**EXERCISE INSTRUCTIONS:**
Below is a listing; retype exactly the lines between the one containing "Domeček tvoří 6" and the one containing "Преди да заспиш, прибери", inclusive, minus the pictures.

**TASK DATA:**
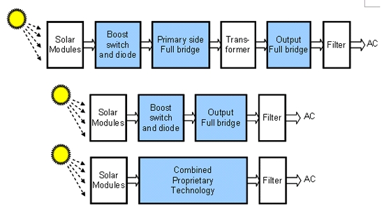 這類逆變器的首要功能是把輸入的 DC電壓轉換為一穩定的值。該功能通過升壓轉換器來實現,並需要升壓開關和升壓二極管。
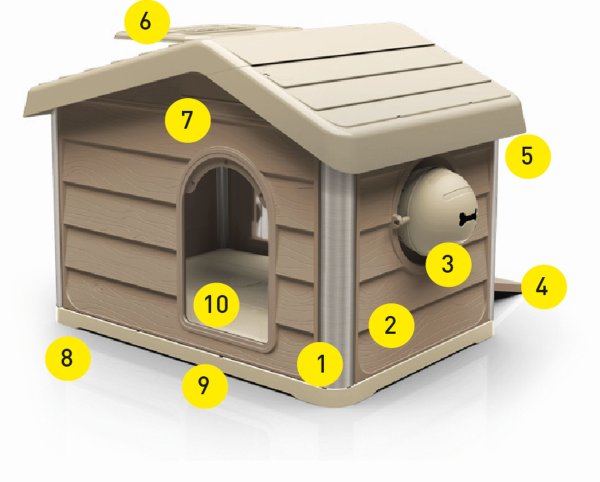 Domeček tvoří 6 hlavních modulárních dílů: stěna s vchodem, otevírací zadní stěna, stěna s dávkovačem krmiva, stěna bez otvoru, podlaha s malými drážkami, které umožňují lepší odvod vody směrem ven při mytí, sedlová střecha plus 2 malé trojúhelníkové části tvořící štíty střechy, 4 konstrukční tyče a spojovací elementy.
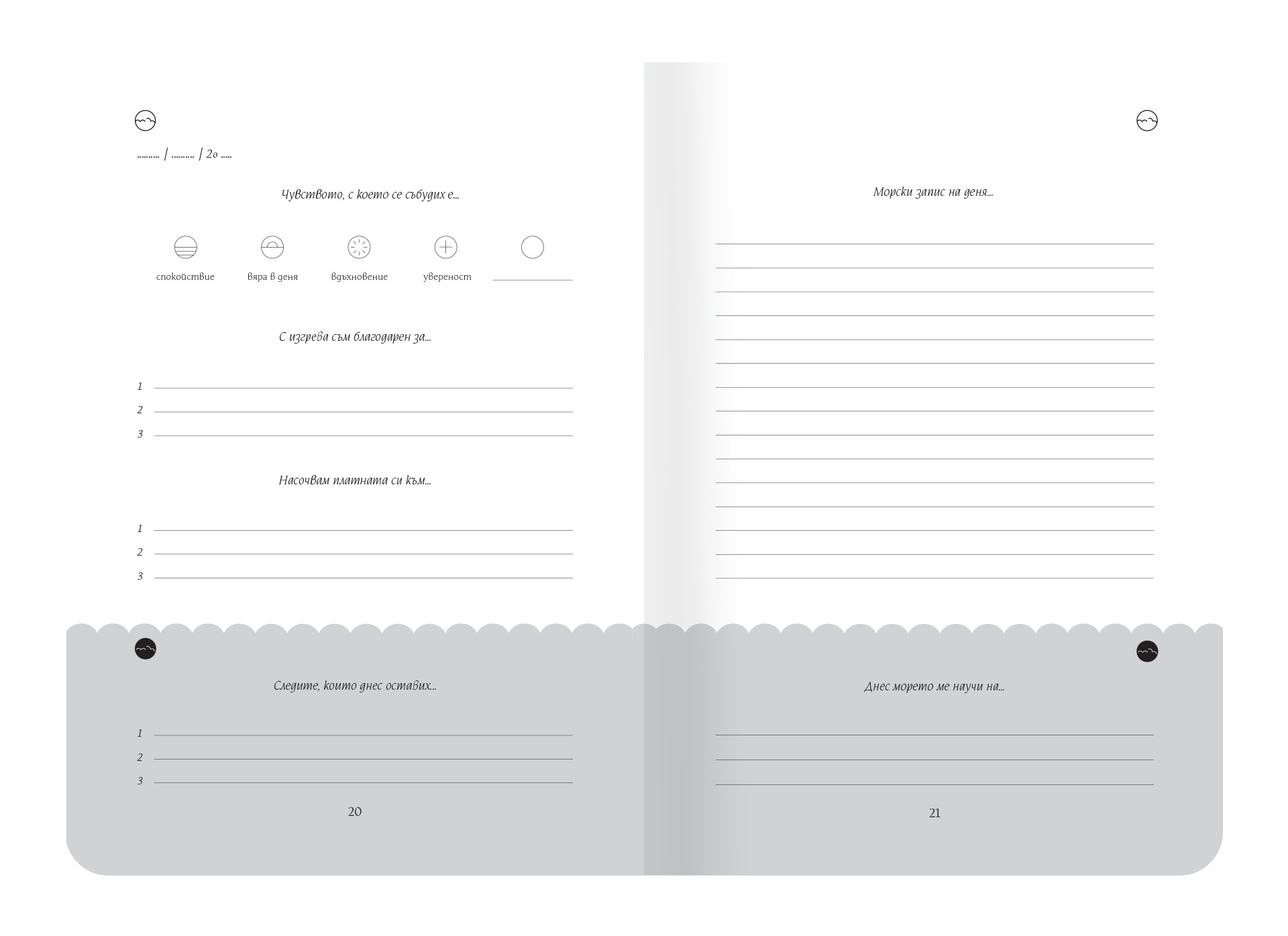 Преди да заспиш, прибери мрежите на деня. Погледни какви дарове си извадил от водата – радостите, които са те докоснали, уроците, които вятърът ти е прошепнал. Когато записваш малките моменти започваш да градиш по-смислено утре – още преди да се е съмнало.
...
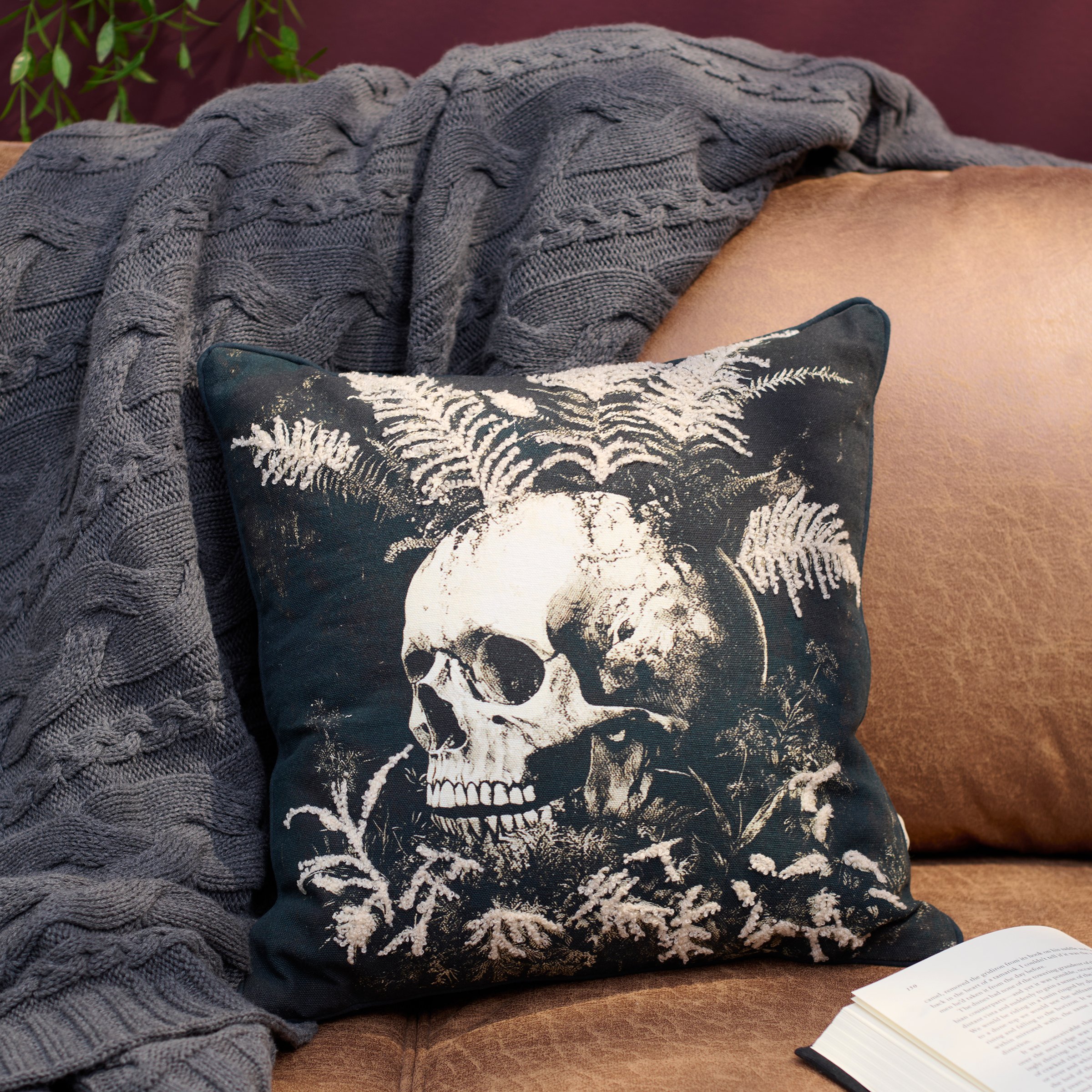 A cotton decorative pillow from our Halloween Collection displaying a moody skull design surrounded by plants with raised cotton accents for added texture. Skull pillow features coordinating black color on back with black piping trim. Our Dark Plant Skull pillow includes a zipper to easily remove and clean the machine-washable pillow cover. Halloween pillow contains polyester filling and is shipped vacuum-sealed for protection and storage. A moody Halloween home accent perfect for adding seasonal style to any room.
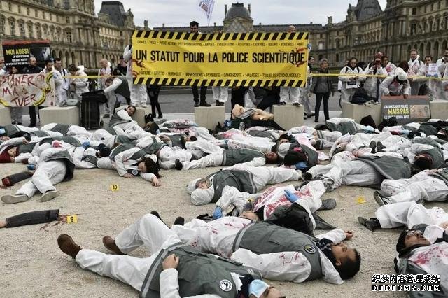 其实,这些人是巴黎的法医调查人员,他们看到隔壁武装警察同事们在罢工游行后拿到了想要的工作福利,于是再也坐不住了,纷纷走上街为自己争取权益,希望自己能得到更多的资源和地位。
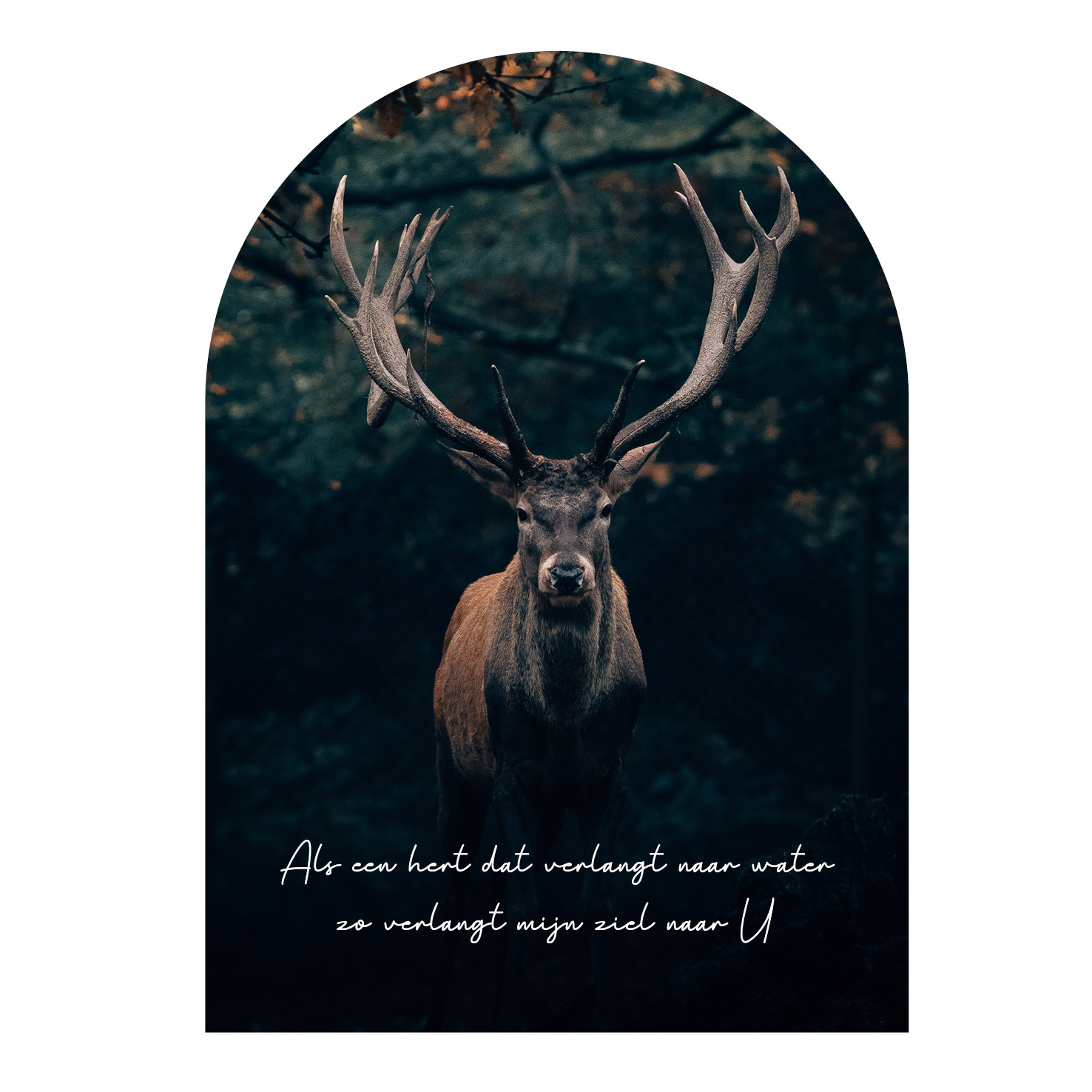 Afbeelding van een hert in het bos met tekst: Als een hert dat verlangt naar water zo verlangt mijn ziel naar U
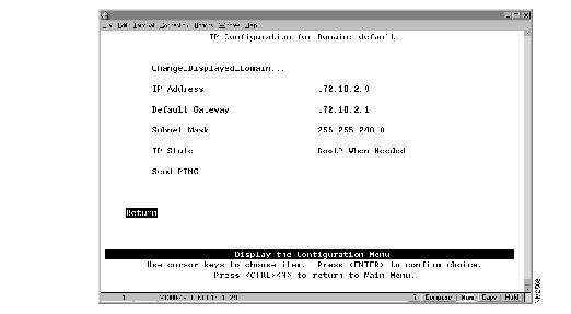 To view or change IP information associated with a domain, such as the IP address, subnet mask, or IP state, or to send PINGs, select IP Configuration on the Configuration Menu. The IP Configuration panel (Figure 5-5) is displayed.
---
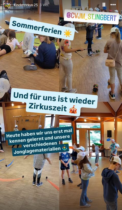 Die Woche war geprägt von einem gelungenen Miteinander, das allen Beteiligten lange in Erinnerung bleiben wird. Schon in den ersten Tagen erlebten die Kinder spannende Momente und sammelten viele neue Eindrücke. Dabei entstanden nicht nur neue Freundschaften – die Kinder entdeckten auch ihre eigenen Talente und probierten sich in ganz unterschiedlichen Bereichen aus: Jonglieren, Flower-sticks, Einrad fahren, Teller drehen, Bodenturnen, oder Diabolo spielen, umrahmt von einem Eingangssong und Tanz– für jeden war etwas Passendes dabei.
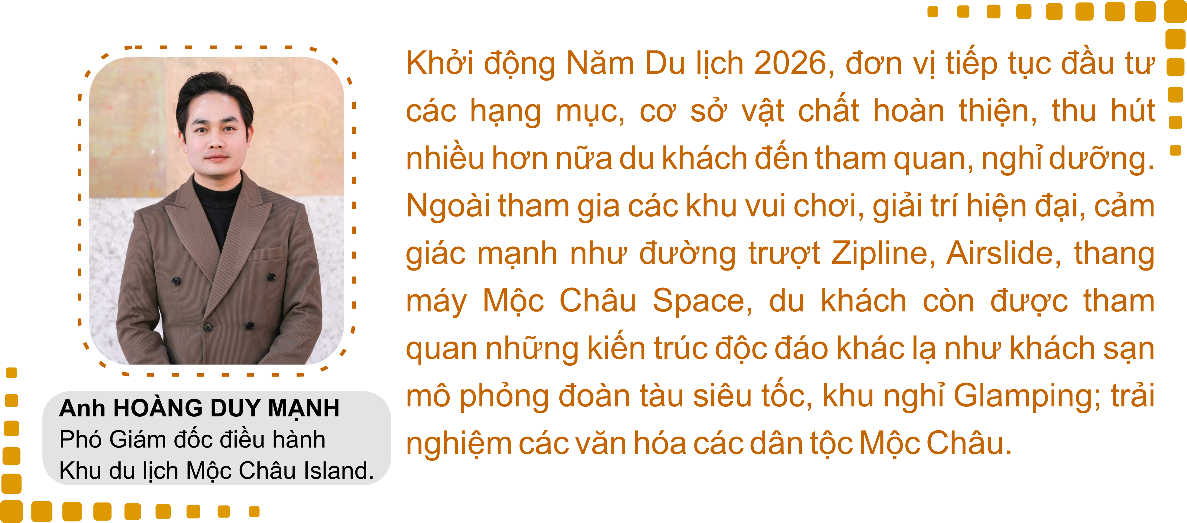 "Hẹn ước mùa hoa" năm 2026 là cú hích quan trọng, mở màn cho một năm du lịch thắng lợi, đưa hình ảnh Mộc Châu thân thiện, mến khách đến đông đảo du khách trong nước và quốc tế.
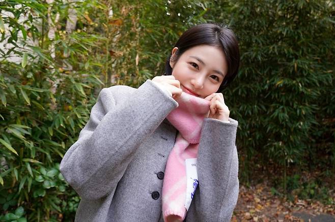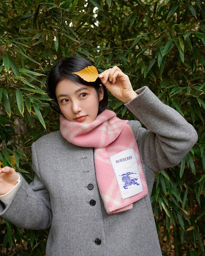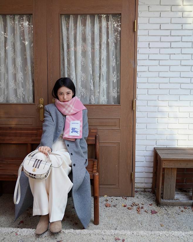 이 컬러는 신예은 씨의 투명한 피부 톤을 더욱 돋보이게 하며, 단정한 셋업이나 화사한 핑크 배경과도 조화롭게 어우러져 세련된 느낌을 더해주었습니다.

**RESULT OF THIS EXERCISE:**
 Domeček tvoří 6 hlavních modulárních dílů: stěna s vchodem, otevírací zadní stěna, stěna s dávkovačem krmiva, stěna bez otvoru, podlaha s malými drážkami, které umožňují lepší odvod vody směrem ven při mytí, sedlová střecha plus 2 malé trojúhelníkové části tvořící štíty střechy, 4 konstrukční tyče a spojovací elementy.
 Преди да заспиш, прибери мрежите на деня. Погледни какви дарове си извадил от водата – радостите, които са те докоснали, уроците, които вятърът ти е прошепнал. Когато записваш малките моменти започваш да градиш по-смислено утре – още преди да се е съмнало.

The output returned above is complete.